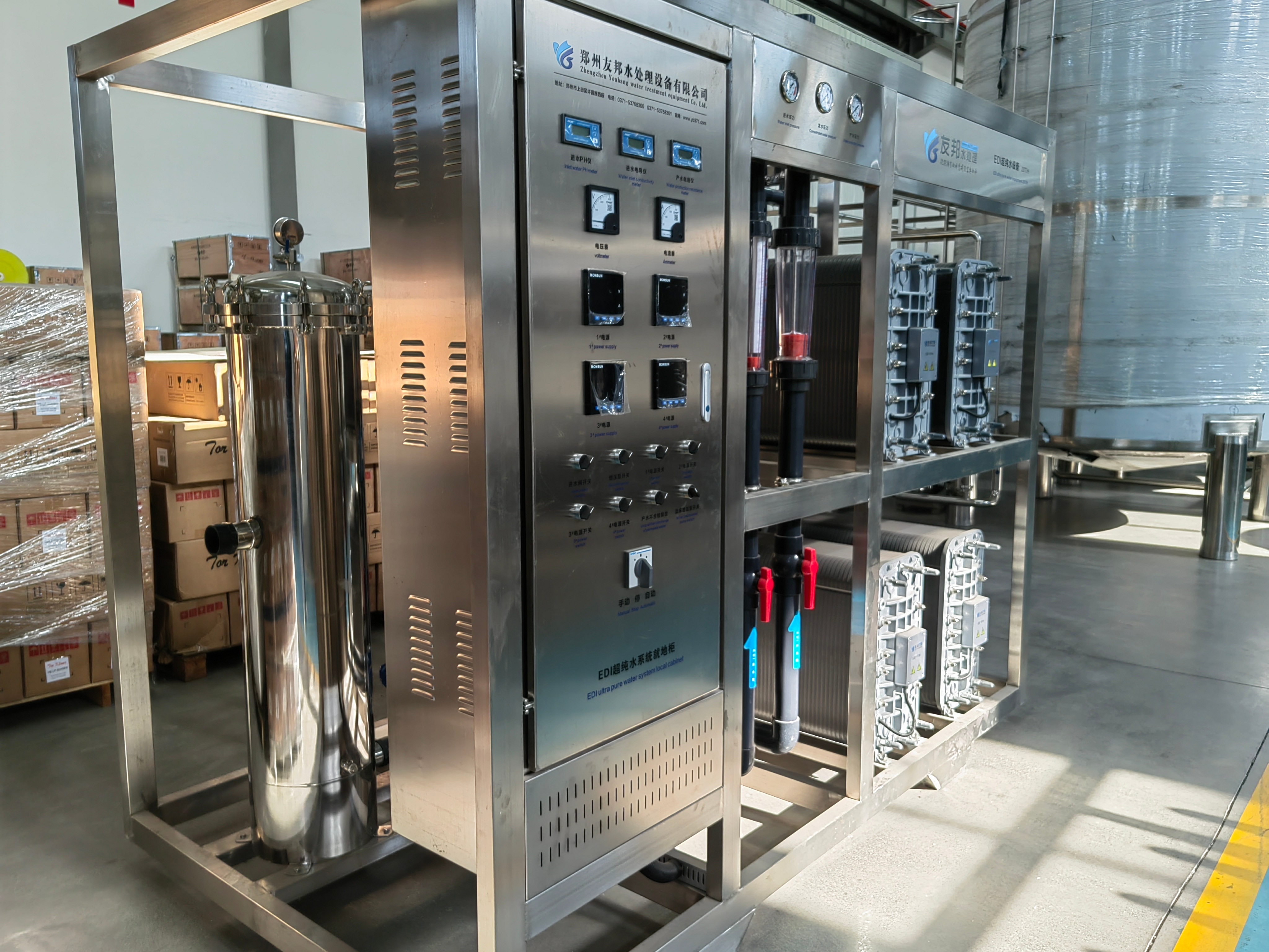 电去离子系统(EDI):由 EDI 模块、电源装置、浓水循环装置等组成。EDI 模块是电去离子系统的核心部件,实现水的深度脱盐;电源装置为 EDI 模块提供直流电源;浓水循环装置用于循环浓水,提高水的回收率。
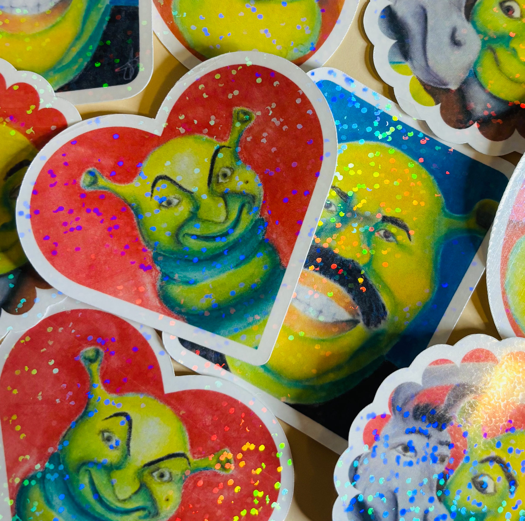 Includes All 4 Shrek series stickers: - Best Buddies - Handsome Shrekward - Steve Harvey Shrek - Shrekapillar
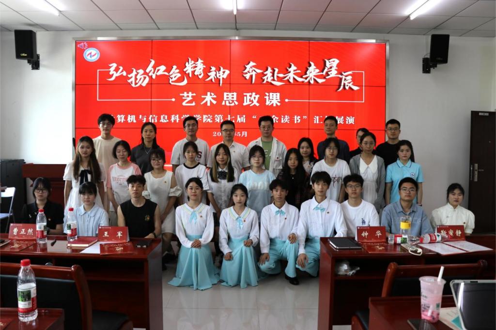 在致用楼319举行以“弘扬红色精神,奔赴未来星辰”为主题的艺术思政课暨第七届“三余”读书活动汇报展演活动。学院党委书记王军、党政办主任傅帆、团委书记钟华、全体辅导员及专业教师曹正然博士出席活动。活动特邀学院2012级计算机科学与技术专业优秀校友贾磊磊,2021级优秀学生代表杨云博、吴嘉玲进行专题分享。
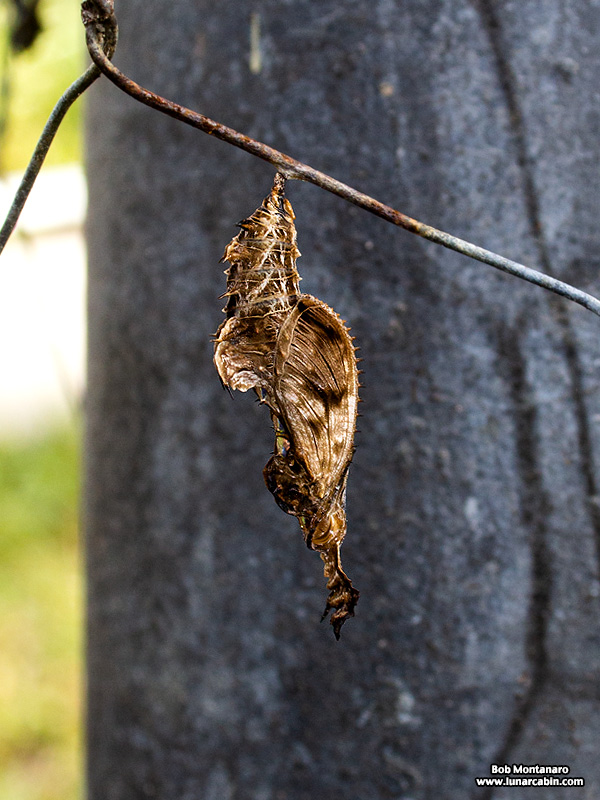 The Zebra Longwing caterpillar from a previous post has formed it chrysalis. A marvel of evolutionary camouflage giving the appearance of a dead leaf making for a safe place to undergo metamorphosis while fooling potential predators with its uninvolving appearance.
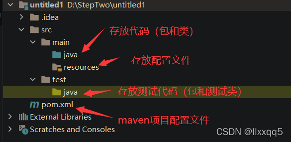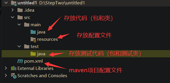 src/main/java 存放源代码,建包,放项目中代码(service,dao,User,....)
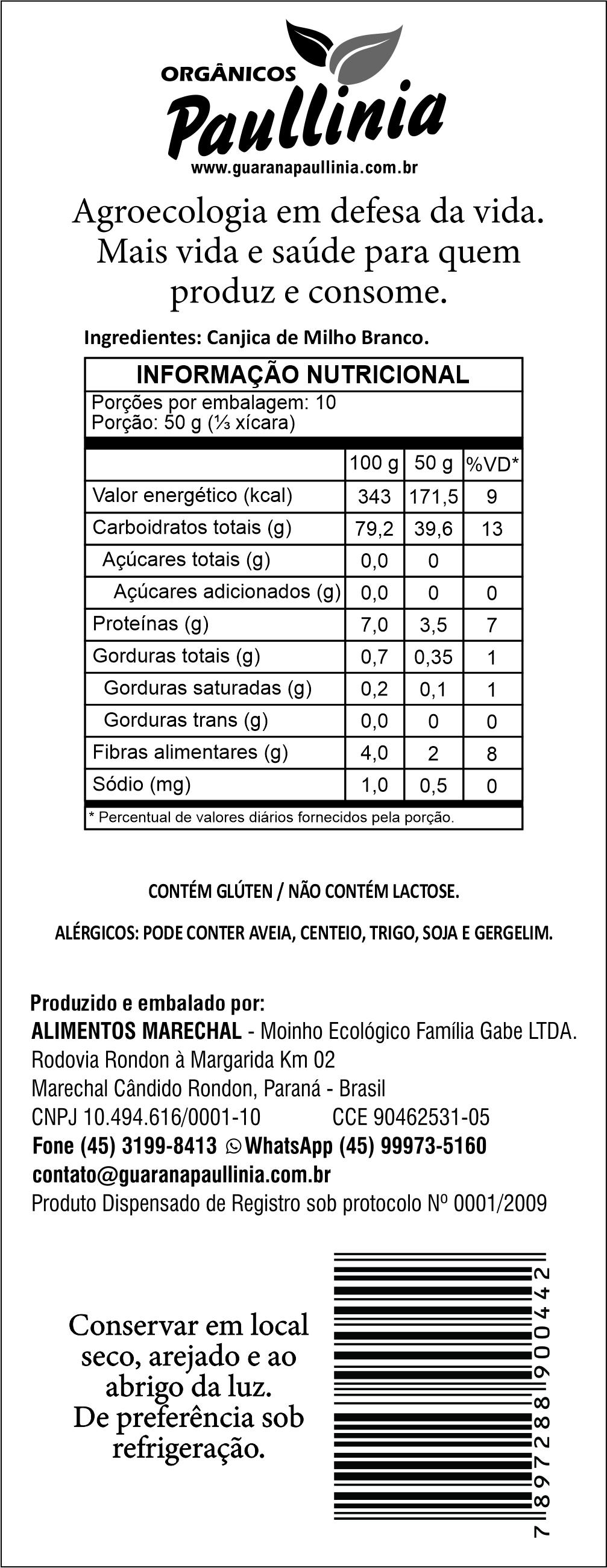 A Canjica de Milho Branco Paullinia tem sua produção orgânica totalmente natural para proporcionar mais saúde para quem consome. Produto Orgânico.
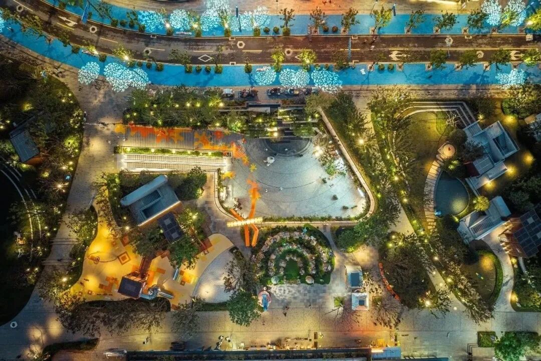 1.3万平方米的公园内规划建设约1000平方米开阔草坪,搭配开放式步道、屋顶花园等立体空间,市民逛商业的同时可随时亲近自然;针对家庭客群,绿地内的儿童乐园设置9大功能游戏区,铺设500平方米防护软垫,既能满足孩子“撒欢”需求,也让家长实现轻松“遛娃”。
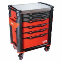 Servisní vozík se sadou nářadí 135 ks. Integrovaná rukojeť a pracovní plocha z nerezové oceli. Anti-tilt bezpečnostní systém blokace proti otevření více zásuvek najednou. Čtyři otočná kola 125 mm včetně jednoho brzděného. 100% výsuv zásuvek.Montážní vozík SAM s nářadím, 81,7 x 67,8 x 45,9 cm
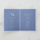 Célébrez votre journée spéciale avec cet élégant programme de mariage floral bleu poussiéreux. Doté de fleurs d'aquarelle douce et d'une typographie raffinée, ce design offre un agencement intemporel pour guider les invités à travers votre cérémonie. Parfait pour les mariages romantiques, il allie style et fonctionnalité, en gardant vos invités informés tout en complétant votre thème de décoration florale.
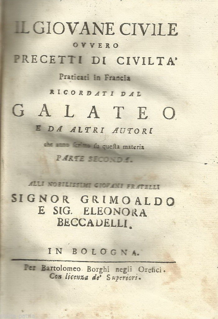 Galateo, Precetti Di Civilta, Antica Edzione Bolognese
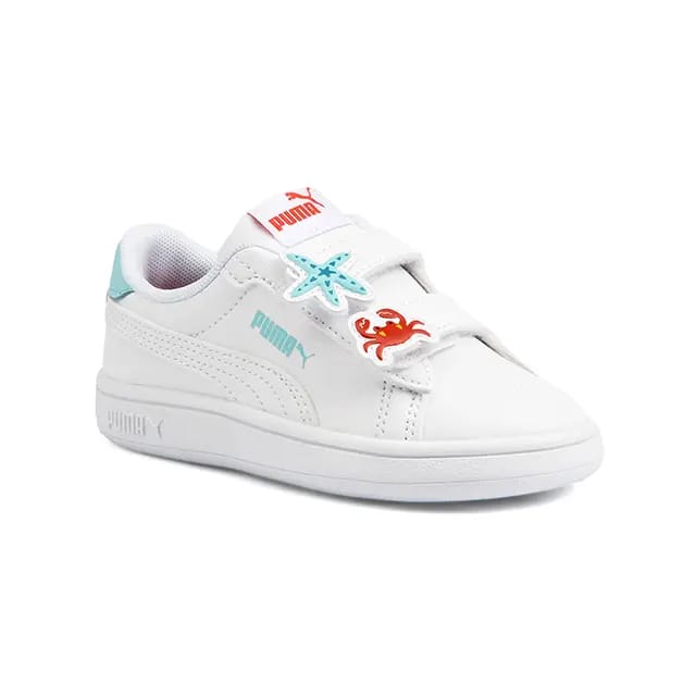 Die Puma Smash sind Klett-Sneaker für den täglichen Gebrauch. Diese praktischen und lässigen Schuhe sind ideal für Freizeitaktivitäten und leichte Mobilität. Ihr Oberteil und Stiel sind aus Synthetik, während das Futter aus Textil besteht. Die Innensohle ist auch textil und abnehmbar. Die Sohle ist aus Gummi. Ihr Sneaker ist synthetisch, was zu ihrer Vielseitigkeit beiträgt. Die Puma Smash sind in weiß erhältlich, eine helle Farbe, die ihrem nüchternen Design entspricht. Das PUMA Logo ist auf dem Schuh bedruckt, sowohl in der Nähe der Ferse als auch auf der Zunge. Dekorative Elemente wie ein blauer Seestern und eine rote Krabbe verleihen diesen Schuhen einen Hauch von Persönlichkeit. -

EXERCISE PROMPT: Return the entries above exactly and in full; do not include images.

WRITTEN REPLY:
 电去离子系统(EDI):由 EDI 模块、电源装置、浓水循环装置等组成。EDI 模块是电去离子系统的核心部件,实现水的深度脱盐;电源装置为 EDI 模块提供直流电源;浓水循环装置用于循环浓水,提高水的回收率。
 Includes All 4 Shrek series stickers: - Best Buddies - Handsome Shrekward - Steve Harvey Shrek - Shrekapillar
 在致用楼319举行以“弘扬红色精神,奔赴未来星辰”为主题的艺术思政课暨第七届“三余”读书活动汇报展演活动。学院党委书记王军、党政办主任傅帆、团委书记钟华、全体辅导员及专业教师曹正然博士出席活动。活动特邀学院2012级计算机科学与技术专业优秀校友贾磊磊,2021级优秀学生代表杨云博、吴嘉玲进行专题分享。
 The Zebra Longwing caterpillar from a previous post has formed it chrysalis. A marvel of evolutionary camouflage giving the appearance of a dead leaf making for a safe place to undergo metamorphosis while fooling potential predators with its uninvolving appearance.
 src/main/java 存放源代码,建包,放项目中代码(service,dao,User,....)
 A Canjica de Milho Branco Paullinia tem sua produção orgânica totalmente natural para proporcionar mais saúde para quem consome. Produto Orgânico.
 1.3万平方米的公园内规划建设约1000平方米开阔草坪,搭配开放式步道、屋顶花园等立体空间,市民逛商业的同时可随时亲近自然;针对家庭客群,绿地内的儿童乐园设置9大功能游戏区,铺设500平方米防护软垫,既能满足孩子“撒欢”需求,也让家长实现轻松“遛娃”。
 Servisní vozík se sadou nářadí 135 ks. Integrovaná rukojeť a pracovní plocha z nerezové oceli. Anti-tilt bezpečnostní systém blokace proti otevření více zásuvek najednou. Čtyři otočná kola 125 mm včetně jednoho brzděného. 100% výsuv zásuvek.Montážní vozík SAM s nářadím, 81,7 x 67,8 x 45,9 cm
 Célébrez votre journée spéciale avec cet élégant programme de mariage floral bleu poussiéreux. Doté de fleurs d'aquarelle douce et d'une typographie raffinée, ce design offre un agencement intemporel pour guider les invités à travers votre cérémonie. Parfait pour les mariages romantiques, il allie style et fonctionnalité, en gardant vos invités informés tout en complétant votre thème de décoration florale.
 Galateo, Precetti Di Civilta, Antica Edzione Bolognese
 Die Puma Smash sind Klett-Sneaker für den täglichen Gebrauch. Diese praktischen und lässigen Schuhe sind ideal für Freizeitaktivitäten und leichte Mobilität. Ihr Oberteil und Stiel sind aus Synthetik, während das Futter aus Textil besteht. Die Innensohle ist auch textil und abnehmbar. Die Sohle ist aus Gummi. Ihr Sneaker ist synthetisch, was zu ihrer Vielseitigkeit beiträgt. Die Puma Smash sind in weiß erhältlich, eine helle Farbe, die ihrem nüchternen Design entspricht. Das PUMA Logo ist auf dem Schuh bedruckt, sowohl in der Nähe der Ferse als auch auf der Zunge. Dekorative Elemente wie ein blauer Seestern und eine rote Krabbe verleihen diesen Schuhen einen Hauch von Persönlichkeit. -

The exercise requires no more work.